For this? To look like a batting practice pitcher in Dodger Stadium? What next, slow-pitch softball? Sure, everyone out there is saying they'd gladly change places, pain, uncertainty and whatever for $47 million over three years, thrilled to do it.

But the human side of the story really is something else. What if you couldn't do what you did better than most everyone else previously, now looking as if you could never do it at all? Maybe you haven't lost the game yet, but it's pretty obvious you've lost it.

Then the Dodgers score four runs, sending you right back to the mound, genuine concern whether the walls in Dodger Stadium can take such a beating.

The Reds get nothing in the second, third and fourth, and who among you watching thought he could last this long?

Manny Ramirez hits a two-run homer, the Dodgers lead, 6-3, and maybe Schmidt doesn't have much on the ball or really figures to help this team, but on the human side don't you just have to pull for three more outs and a chance for Schmidt to win his second game in three years?

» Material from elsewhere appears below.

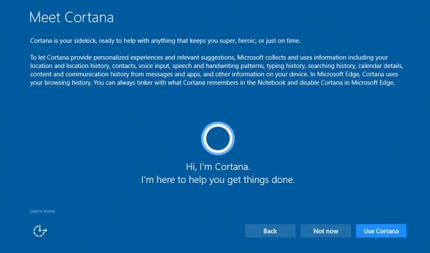 Bước 9: Chế độ lựa chọn bật Cortana hay không? Nếu có thì bạn nhấn Use Cortana nhé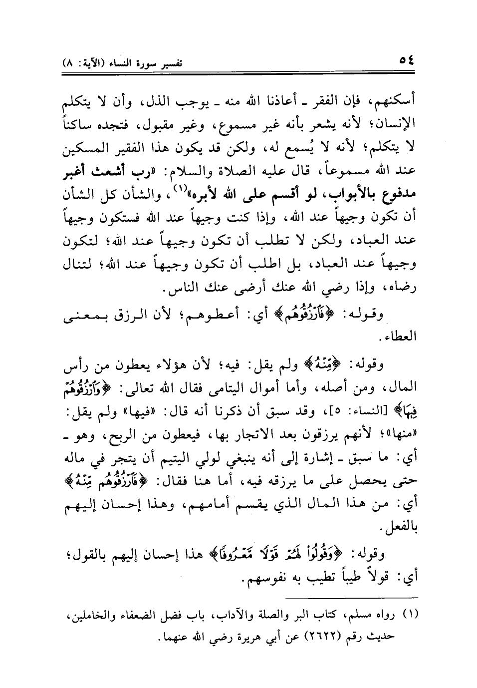 وقوله: {مِنْهُ} ولم يقل: فيه؛ لأن هؤلاء يعطون من رأس المال، ومن أصله، وأما أموال اليتامى فقال الله تعالى: {وَارْزُقُوهُمْ فِيهَا} [النساء: ٥]، وقد سبق أن ذكرنا أنه قال: "فيها" ولم يقل: "منها"؛ لأنهم يرزقون بعد الإتجار بها، فيعطون من الربح، وهو - أي: ما سبق - إشارة إلى أنه ينبغي لولي اليتيم أن يتجر في ماله حتى يحصل على ما يرزقه فيه، أما هنا فقال: {فَارْزُقُوهُمْ مِنْهُ} أي: من هذا المال الذي يقسم أمامهم، وهذا إحسان إليهم بالفعل.

One out. Hairston hits a line drive to center. Maybe the Dodgers didn't get much out of him for $47 million, but tonight they're getting everything he has. Two out. Votto hits a line drive to center. As Greg Maddux imitations go, this is pretty good. A single to right and there is activity in the bullpen.

Three outs, and Schmidt shows he still has it as a gritty competitor, digging deep at a point when everyone else was probably just embarrassed for him.

That might be all he has left, which might not be enough if the Dodgers continue to wheel him out there. But for one more night and what it must have meant to Schmidt, good for him.

--

NOW THE vacation begins as word comes the Sparks have raised the price of media dinners from $7 to $20. I guess they just don't want you watching the Sparks on a full stomach.